> [Task]
Your job is to give again, exactly and with no additions, the lines in the records below from the one with "The 1951 election" through the one with "mane color combinations!", both included. Omit the pictures.

Data excerpts:
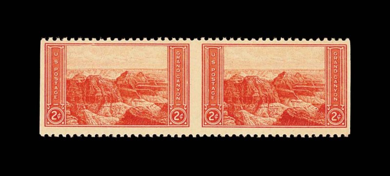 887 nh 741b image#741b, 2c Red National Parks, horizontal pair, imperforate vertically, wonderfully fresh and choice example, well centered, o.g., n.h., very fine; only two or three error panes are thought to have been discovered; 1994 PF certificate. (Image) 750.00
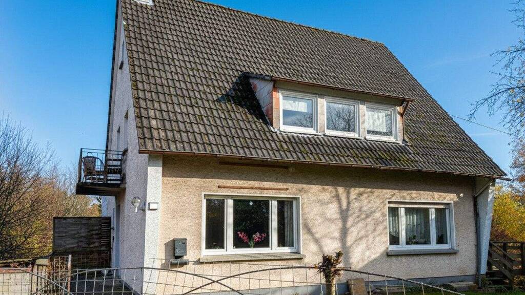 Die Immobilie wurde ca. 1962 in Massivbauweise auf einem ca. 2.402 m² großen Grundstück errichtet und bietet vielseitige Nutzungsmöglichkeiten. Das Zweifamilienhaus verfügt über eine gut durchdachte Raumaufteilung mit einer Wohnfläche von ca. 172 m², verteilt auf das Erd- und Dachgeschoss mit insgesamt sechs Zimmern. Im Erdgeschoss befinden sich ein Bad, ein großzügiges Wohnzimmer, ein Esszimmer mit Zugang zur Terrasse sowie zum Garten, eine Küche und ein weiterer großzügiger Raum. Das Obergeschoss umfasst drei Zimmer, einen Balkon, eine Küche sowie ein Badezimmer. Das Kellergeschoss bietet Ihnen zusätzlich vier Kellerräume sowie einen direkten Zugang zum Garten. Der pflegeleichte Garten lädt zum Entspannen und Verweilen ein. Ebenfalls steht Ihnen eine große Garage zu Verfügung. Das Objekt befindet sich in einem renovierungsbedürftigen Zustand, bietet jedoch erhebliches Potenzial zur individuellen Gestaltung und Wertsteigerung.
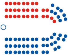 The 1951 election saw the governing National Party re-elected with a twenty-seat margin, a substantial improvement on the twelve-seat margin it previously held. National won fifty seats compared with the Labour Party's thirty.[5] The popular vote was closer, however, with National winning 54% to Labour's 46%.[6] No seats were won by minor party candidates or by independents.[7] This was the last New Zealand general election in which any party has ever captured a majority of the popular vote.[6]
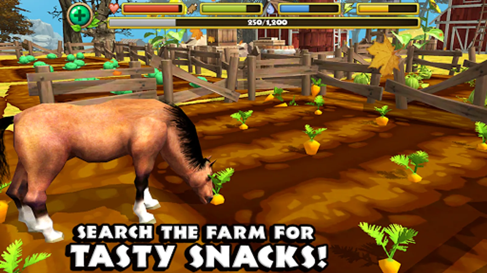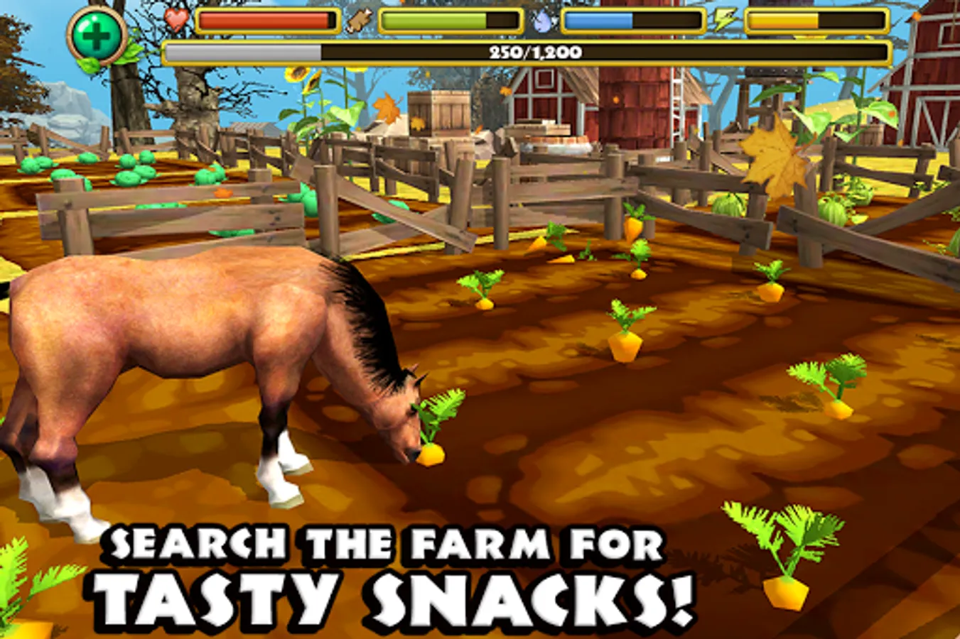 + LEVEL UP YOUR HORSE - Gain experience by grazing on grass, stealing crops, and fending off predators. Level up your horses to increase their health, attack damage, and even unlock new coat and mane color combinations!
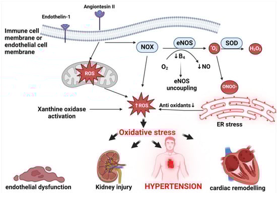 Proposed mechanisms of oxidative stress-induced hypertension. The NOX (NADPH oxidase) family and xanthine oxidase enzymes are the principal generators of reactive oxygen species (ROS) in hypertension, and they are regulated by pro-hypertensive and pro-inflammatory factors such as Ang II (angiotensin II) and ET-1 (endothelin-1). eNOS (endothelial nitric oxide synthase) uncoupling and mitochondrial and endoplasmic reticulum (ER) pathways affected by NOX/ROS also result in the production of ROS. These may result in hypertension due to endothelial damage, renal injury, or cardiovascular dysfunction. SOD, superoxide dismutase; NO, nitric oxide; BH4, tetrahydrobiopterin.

> [Task answer]
 The 1951 election saw the governing National Party re-elected with a twenty-seat margin, a substantial improvement on the twelve-seat margin it previously held. National won fifty seats compared with the Labour Party's thirty.[5] The popular vote was closer, however, with National winning 54% to Labour's 46%.[6] No seats were won by minor party candidates or by independents.[7] This was the last New Zealand general election in which any party has ever captured a majority of the popular vote.[6]
 + LEVEL UP YOUR HORSE - Gain experience by grazing on grass, stealing crops, and fending off predators. Level up your horses to increase their health, attack damage, and even unlock new coat and mane color combinations!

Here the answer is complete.